A comparison with the 1990s is helpful: At that time, rising inflation was triggered by the demand boom in the wake of German unification. The inflation rate rose from a moderate 2.4 percent in April 1991 to more than 6 percent within a year. The Bundesbank reacted very quickly at the time with significant interest rate hikes, triggering a recession. The Bundesbank's fight against inflation was made more difficult by a price-driving increase in the value-added tax at the beginning of 1993. But even after this special effect expired, it still took a full year for the inflation rate to fall below the 2 percent mark again for the first time in January 1995. It thus took almost three years from the peak of inflation to the inflation target being reached again.
A look at the details of the inflation statistics shows how difficult it is to bring price development back to a normal level: Although overall inflation in Germany fell by more than two percentage points between October 2022 and February 2023, core inflation, i.e. the value of inflation adjusted for energy and food, still rose slightly at the same time. The contribution made by food alone to the inflation rate rose slightly from 2.6 to 2.9 percent over the same period. According to the Ifo Institute, half of retailers still intend to raise prices further in the next three months. That is 30 percentage points less than in mid-2022, but more than at any time in the past up to the start of the current inflation wave. In the industrial and service sectors, the finding is the same in a slightly weaker form, with only the construction sector showing fewer suppliers intending to raise prices further.

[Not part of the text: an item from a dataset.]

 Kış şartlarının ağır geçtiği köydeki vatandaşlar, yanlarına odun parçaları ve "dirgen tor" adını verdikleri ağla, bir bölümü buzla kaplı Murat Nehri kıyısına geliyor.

The government measures to cushion increased energy prices may be justifiable in social policy terms, but they make it considerably more difficult to combat inflation, especially across the board, because they protect disposable income for consumption and maintain a level of aggregate demand that cannot easily be reconciled with a normalization of inflation. Rising wages and salaries, which at least partially compensate for the increased cost of living, are certainly justified, but they have the same effect in terms of inflation development.

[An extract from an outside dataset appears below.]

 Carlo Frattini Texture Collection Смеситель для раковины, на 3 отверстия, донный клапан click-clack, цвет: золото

Reducing inflation to a level of around 2 percent is therefore a goal that can realistically only be achieved in the longer term and requires both monetary and fiscal policy discipline in the meantime. Interest rate cuts by central banks in the foreseeable future are therefore wishful thinking. Instead, market participants should look more seriously than before at the opposite scenario: The central banks could continue their cycle of interest rate hikes for a while longer in order to achieve the desired target, and in the process also accept a noticeably worse economy.